Although LeadingAge Maryland said it appreciates and supports the intent of finding ways to increase nursing home staff wages, the association is opposed to the legislation and its “problematic components.”

Maryland is facing a budget deficit, and an 8% Medicaid rate increase likely would not be approved this year or in the coming few years, according to LeadingAge Maryland President and CEO Allison Roenigk Ciborowski. The governor’s budget this year, she added, only calls for a 3% Medicaid rate increase for fiscal year 2025.

In addition, Ciborowski said, any solution should consider the entire long-term care continuum.
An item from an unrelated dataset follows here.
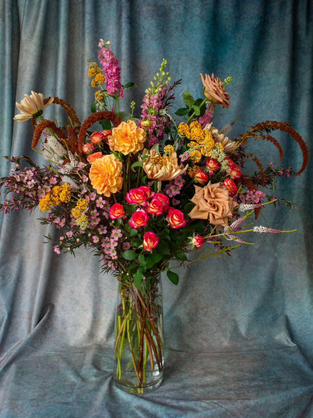 An artistic statement piece that offers something a little quirky and different. Each arrangement is uniquely designed by our talented florists and no two will look the same.
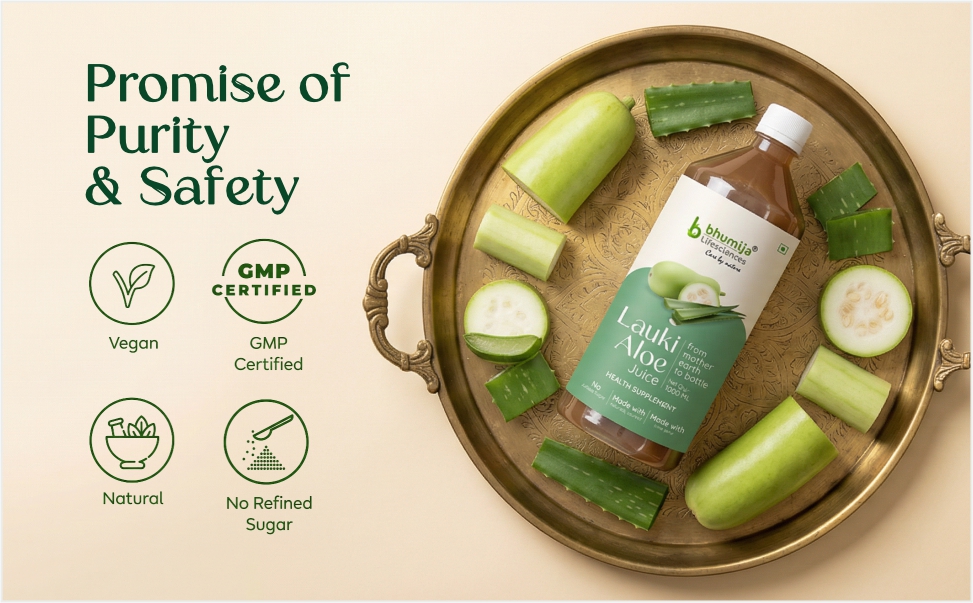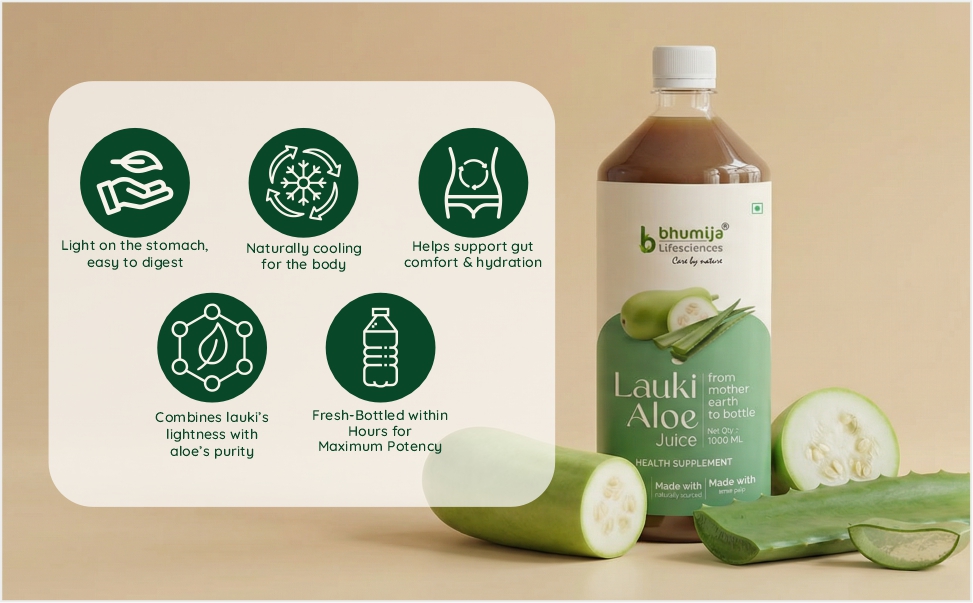 Bhumija Lifesciences Lauki Aloe Vera Juice combines the cooling power of Lauki (Bottle Gourd) with the soothing, detoxifying benefits of Aloe Vera creating a perfect daily health tonic for modern lifestyles.

Although the Medicaid increase in the proposed bill would apply to all Medicaid providers, only nursing homes would be subject to the 75% required wage pass through and additional cost reporting requirements.

“This could have potentially negative effects on the strength of the workforces of other settings, like assisted living and home care, because these other settings would likely not be able to increase wages to the same degree as nursing homes,” she said. “This could make it even more difficult for assisted living providers to recruit and retain staff members.”

Health Facilities Association of Maryland CEO Joe DeMattos called the bill “well-intentioned” but not feasible in its current form. 

Given that nursing homes have many payer sources, requiring facilities to increase wages and benefits when only a portion of the nursing home’s budget comes from Medicaid reimbursement would be problematic. 

“We want to pay workers as much as possible, as supported by the Medicaid rates,” DeMattos said in recent testimony before the Maryland House Health and Government Operations Committee. “Given that providers are reliant on non-negotiable Medicare and Medicaid rates for the majority of their revenue, any wage and benefits pass-through measure must be funded with new Medicaid dollars.”

A commission studying the state’s long-term care and healthcare workforce challenges released its report at the end of last year and found that Maryland is slower than other states in growing its long-term care and healthcare workforce workforce, to the detriment of current employees being overworked. The commission identified data gaps across occupations, settings and geographic locations, calling for the establishment of a workforce data center to allow accurate assessment of current and projected workforce supply and demand.